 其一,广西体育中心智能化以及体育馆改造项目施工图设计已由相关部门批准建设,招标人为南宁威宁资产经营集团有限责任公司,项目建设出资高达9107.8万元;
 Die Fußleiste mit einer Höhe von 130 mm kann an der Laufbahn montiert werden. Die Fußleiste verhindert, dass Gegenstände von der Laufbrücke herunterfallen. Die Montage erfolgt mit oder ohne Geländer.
==
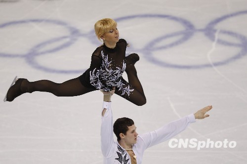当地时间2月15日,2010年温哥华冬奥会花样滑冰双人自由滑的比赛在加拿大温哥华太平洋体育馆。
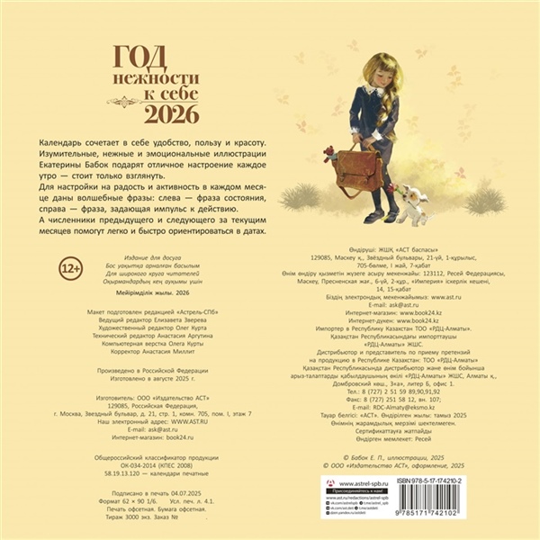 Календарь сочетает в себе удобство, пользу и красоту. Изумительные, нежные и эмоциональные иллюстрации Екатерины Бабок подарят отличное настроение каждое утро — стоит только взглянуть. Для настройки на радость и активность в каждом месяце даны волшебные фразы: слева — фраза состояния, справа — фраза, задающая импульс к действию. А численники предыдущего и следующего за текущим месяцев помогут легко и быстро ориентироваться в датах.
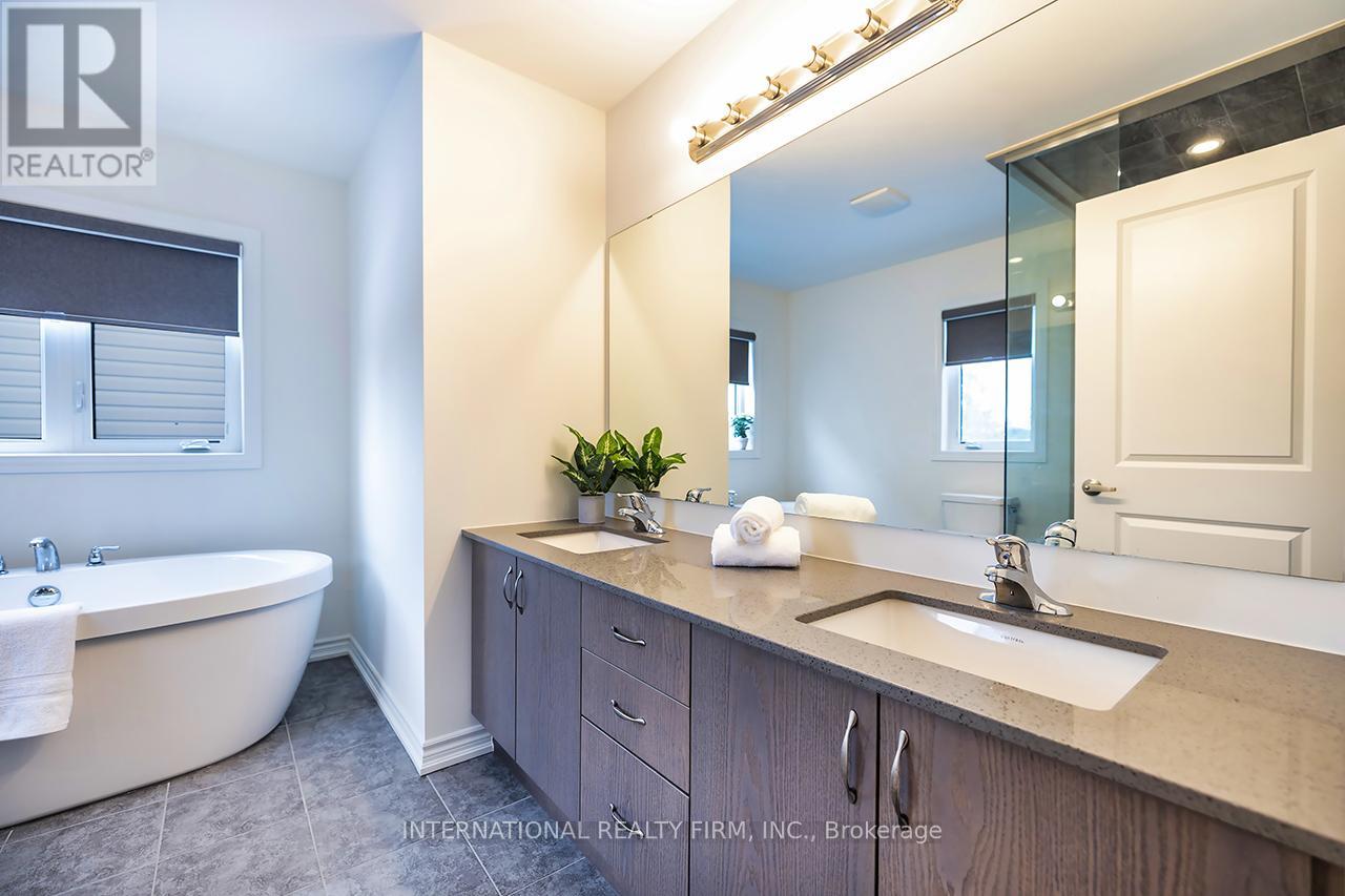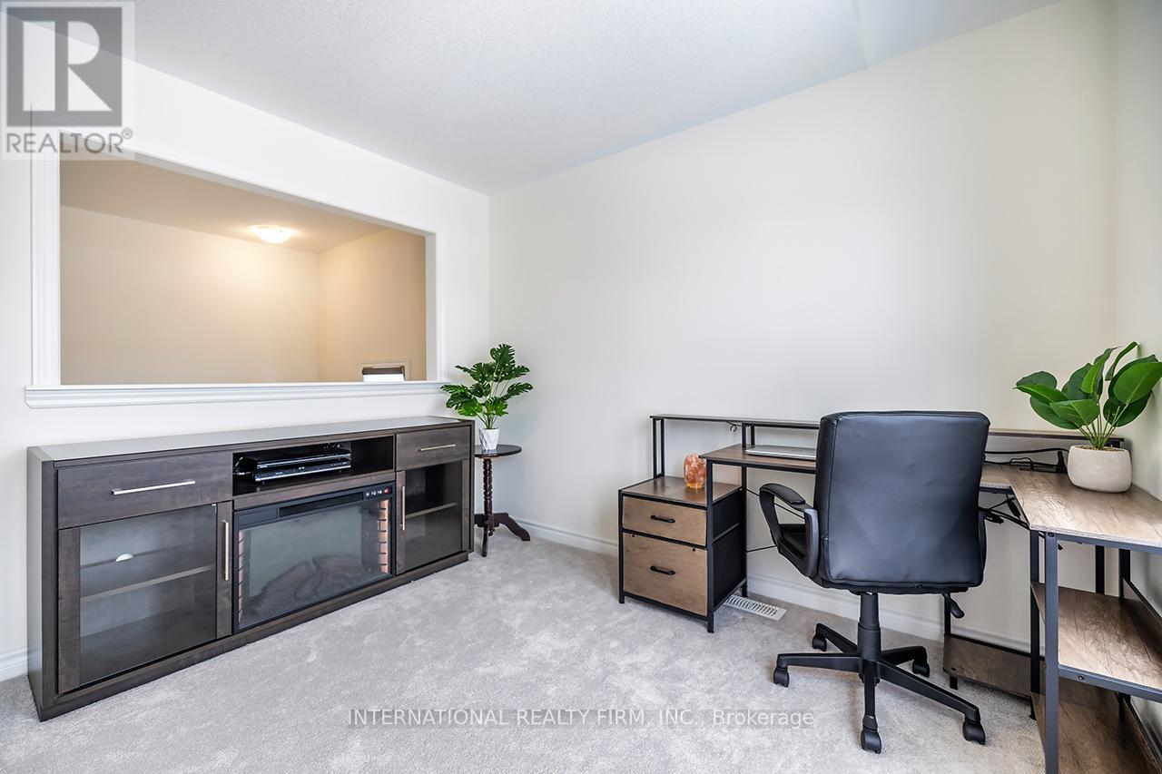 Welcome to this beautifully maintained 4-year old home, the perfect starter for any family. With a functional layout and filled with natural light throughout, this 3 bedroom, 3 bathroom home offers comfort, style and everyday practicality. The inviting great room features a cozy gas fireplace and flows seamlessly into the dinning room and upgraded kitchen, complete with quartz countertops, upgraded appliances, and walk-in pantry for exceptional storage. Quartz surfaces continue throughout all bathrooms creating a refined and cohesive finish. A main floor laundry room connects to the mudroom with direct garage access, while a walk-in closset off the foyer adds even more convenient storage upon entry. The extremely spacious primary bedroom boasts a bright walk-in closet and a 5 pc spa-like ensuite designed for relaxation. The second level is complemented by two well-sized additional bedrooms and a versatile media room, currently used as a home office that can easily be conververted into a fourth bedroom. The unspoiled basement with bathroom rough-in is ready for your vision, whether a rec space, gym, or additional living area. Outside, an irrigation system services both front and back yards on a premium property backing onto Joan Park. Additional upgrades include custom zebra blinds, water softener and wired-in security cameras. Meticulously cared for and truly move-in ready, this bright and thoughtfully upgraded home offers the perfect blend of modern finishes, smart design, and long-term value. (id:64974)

Work request — Go back to the listing above. Copy word for word the lines from the one with "其一,广西体育中心智能化以及" through the one with "Die Fußleiste mit", and nothing more.

Final answer —
 其一,广西体育中心智能化以及体育馆改造项目施工图设计已由相关部门批准建设,招标人为南宁威宁资产经营集团有限责任公司,项目建设出资高达9107.8万元;
 Die Fußleiste mit einer Höhe von 130 mm kann an der Laufbahn montiert werden. Die Fußleiste verhindert, dass Gegenstände von der Laufbrücke herunterfallen. Die Montage erfolgt mit oder ohne Geländer.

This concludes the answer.